> HOW TO COMPLETE THIS TASK: Below are records with pictures in them. Transcribe everything from the line containing "Side ruching softly" down to the line containing "9 月 3 日上午,纪念中国人民抗日战争暨世界反法西斯战争胜利", exactly, and leave the pictures behind.

> DATA FOR REVIEW:
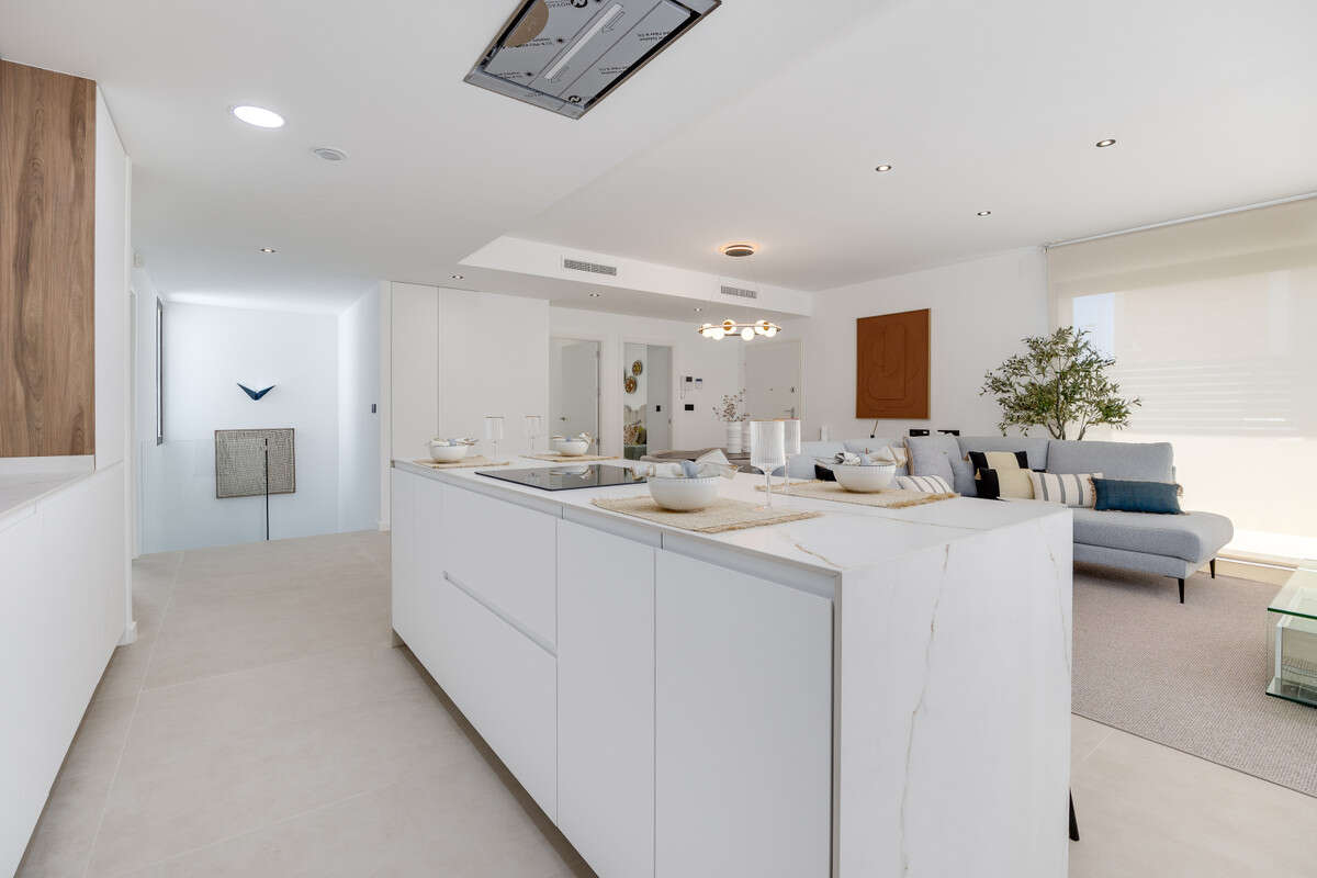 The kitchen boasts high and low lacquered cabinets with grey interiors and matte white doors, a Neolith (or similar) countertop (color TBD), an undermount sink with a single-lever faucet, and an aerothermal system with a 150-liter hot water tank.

==

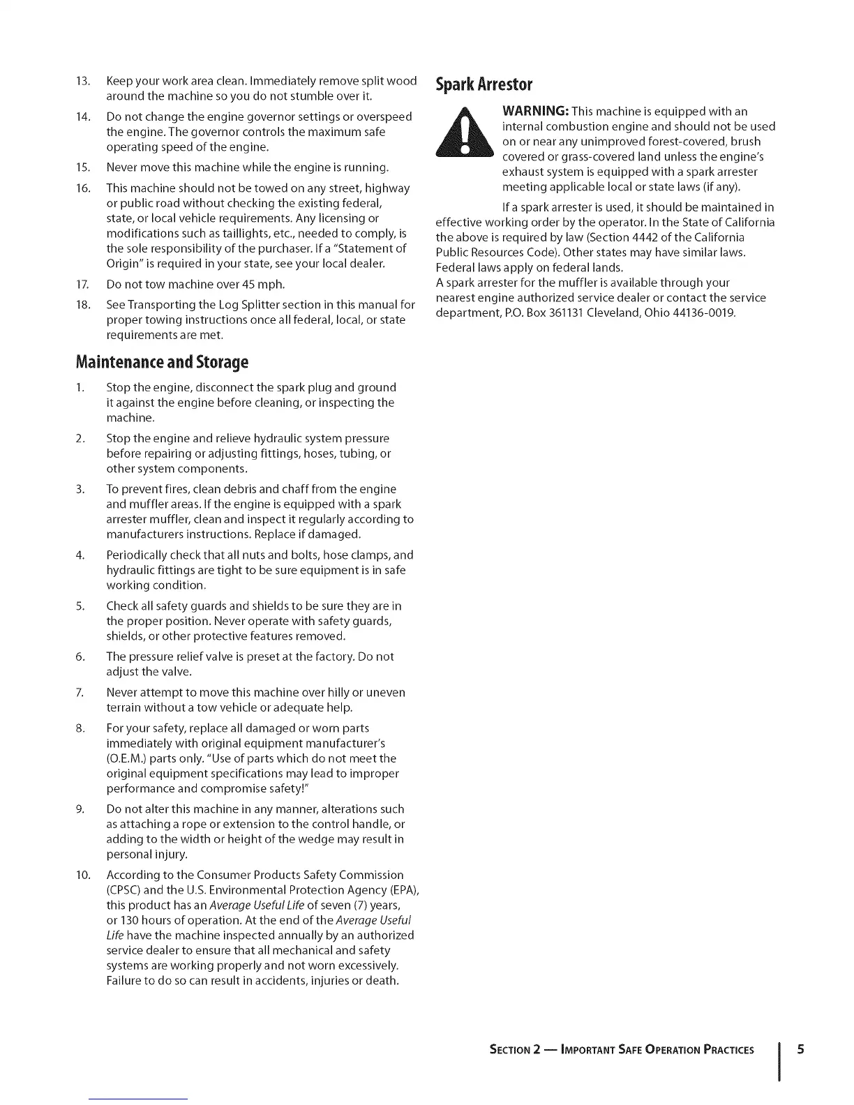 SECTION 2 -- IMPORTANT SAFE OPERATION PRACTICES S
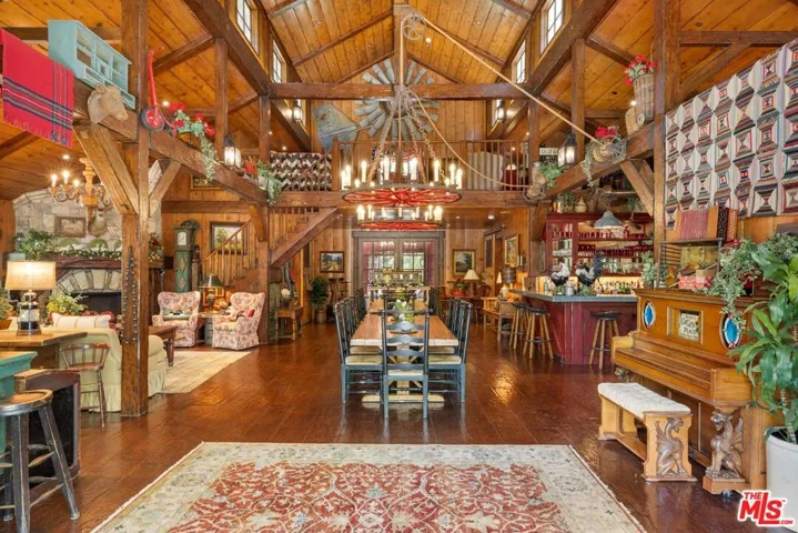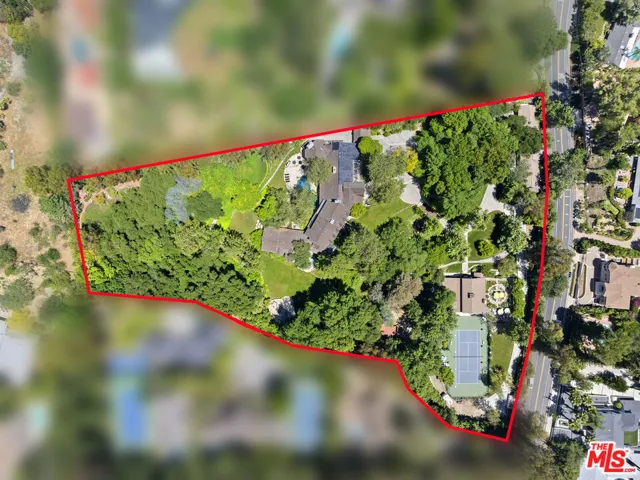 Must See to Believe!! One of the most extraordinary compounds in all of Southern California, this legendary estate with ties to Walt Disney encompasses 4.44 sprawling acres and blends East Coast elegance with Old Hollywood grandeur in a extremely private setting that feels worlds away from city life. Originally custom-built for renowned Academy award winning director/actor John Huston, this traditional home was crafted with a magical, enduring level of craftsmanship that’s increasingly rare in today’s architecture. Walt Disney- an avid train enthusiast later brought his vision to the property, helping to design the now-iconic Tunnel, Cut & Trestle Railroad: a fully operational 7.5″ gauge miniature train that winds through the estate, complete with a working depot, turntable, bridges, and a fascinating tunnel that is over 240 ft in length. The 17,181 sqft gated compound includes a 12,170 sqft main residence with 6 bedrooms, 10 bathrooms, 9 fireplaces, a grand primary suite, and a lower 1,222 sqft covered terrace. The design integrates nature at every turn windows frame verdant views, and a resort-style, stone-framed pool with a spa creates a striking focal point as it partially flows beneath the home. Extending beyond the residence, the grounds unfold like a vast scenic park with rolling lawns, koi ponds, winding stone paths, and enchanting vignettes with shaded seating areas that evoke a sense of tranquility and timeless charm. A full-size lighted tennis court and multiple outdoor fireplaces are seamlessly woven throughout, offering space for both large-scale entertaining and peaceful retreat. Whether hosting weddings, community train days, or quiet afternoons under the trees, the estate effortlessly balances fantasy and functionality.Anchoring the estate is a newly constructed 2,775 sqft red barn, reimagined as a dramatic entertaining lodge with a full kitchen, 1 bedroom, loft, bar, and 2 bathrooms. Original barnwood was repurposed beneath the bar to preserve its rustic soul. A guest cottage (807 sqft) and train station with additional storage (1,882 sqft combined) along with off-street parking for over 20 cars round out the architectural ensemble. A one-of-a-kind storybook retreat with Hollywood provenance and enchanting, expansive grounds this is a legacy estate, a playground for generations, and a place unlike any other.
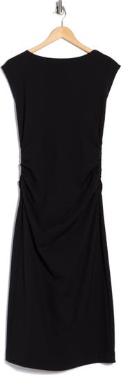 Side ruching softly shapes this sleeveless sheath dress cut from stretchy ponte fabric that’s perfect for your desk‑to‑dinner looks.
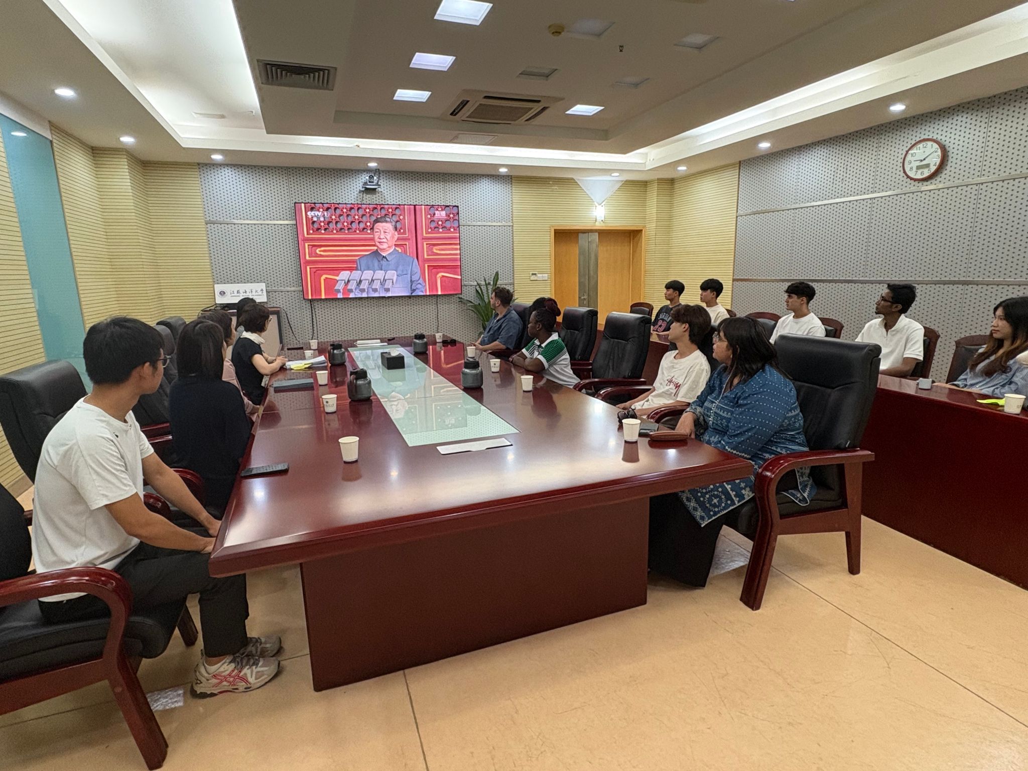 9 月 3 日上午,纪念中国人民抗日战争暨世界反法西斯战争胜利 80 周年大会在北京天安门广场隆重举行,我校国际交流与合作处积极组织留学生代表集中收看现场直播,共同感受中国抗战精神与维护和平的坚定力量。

> SOLVED PROBLEM:
 Side ruching softly shapes this sleeveless sheath dress cut from stretchy ponte fabric that’s perfect for your desk‑to‑dinner looks.
 9 月 3 日上午,纪念中国人民抗日战争暨世界反法西斯战争胜利 80 周年大会在北京天安门广场隆重举行,我校国际交流与合作处积极组织留学生代表集中收看现场直播,共同感受中国抗战精神与维护和平的坚定力量。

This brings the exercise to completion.